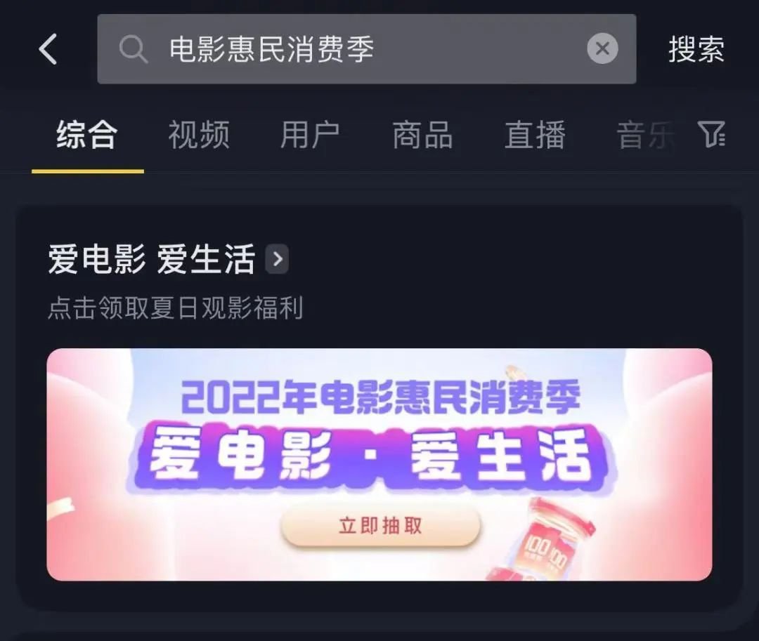 打开抖音搜索“电影惠民消费季”,点击“爱电影·爱生活”专区专栏。
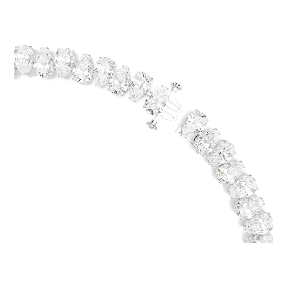 Con sus cortes distintivos, este collar Matrix revoluciona el estilo Tennis. Su diseño rodiado presenta una hilera completa de circonitas Swarovski incoloras en forma de pera. Una infinidad de cristales facetados que añadirán un toque de energía a tu look.
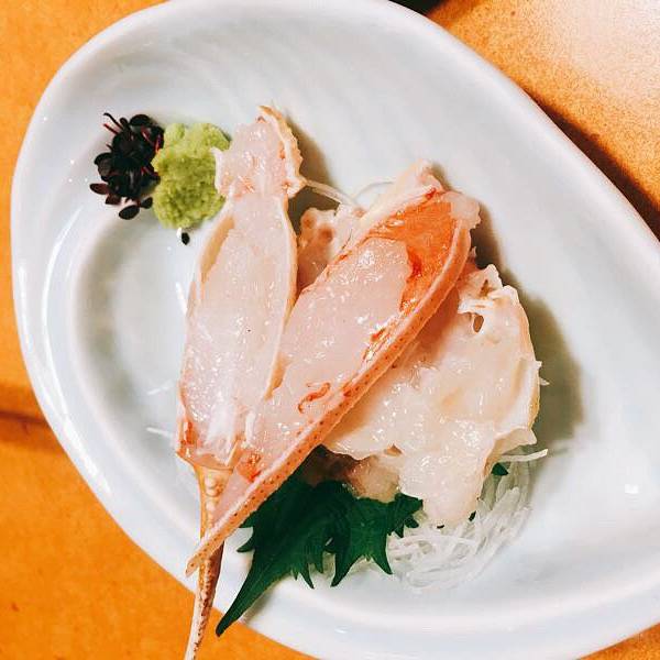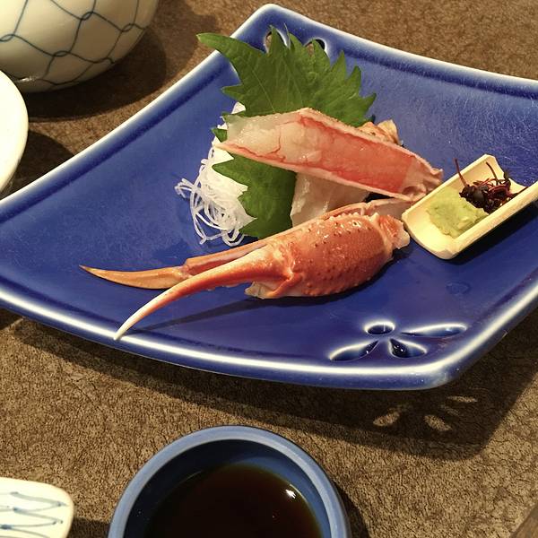 - 蟹脚刺身,也好吃~。肉质可厚实了~。吃完螃蟹,一路慢慢散步回家,愉快的一天结束了~。又是烤蟹脚
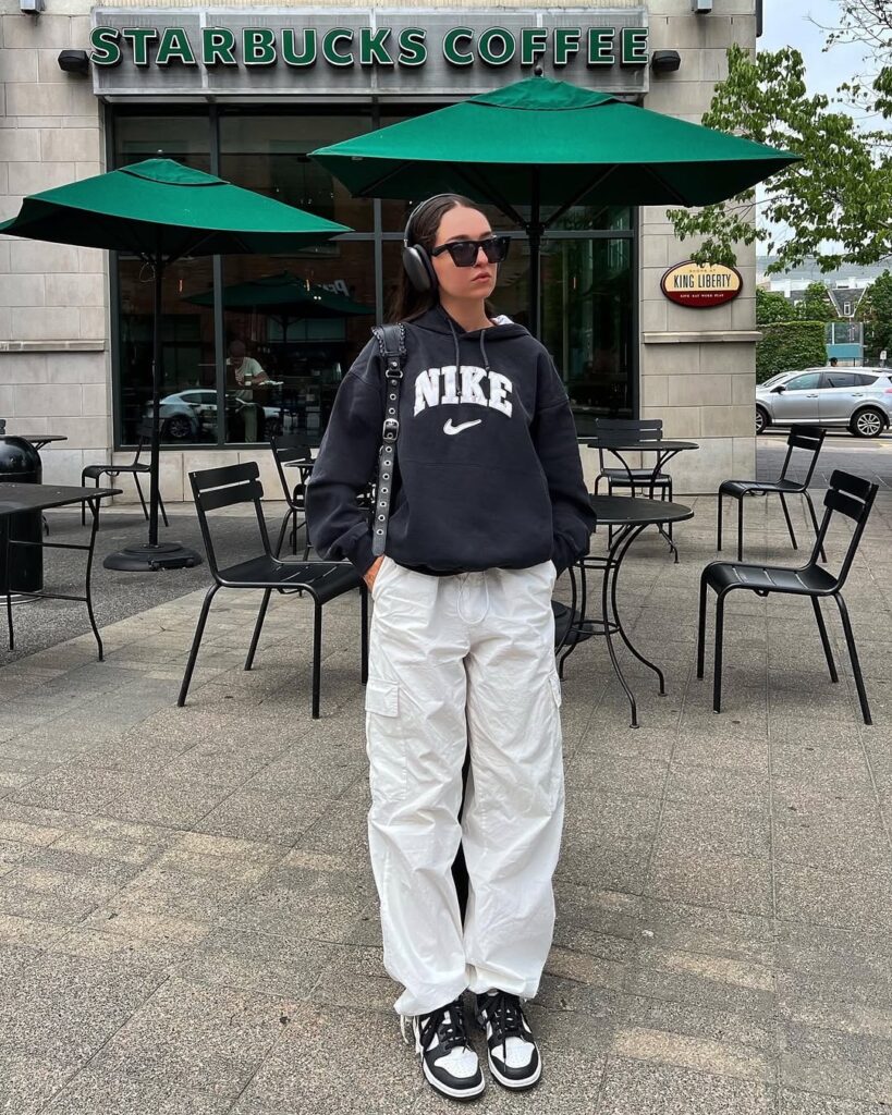 A vintage graphic hoodie brings nostalgia and personality, while crisp cargo trousers add structure and utility. This outfit works flawlessly for city walks, relaxed gatherings, or travel days. It balances the cozy feel of a beloved hoodie with the clean lines of modern cargo pants, creating a look that’s both laid-back and stylish. The combination is effortlessly cool and perfect for everyday streetwear lovers.
☆ ☆ ☆
Required work: Retype, word for word, only the lines from the line with "- 蟹脚刺身,也好吃~。肉质" to the final line of the listing above; the pictures do not belong in the copy.

Exercise result:
 - 蟹脚刺身,也好吃~。肉质可厚实了~。吃完螃蟹,一路慢慢散步回家,愉快的一天结束了~。又是烤蟹脚
 A vintage graphic hoodie brings nostalgia and personality, while crisp cargo trousers add structure and utility. This outfit works flawlessly for city walks, relaxed gatherings, or travel days. It balances the cozy feel of a beloved hoodie with the clean lines of modern cargo pants, creating a look that’s both laid-back and stylish. The combination is effortlessly cool and perfect for everyday streetwear lovers.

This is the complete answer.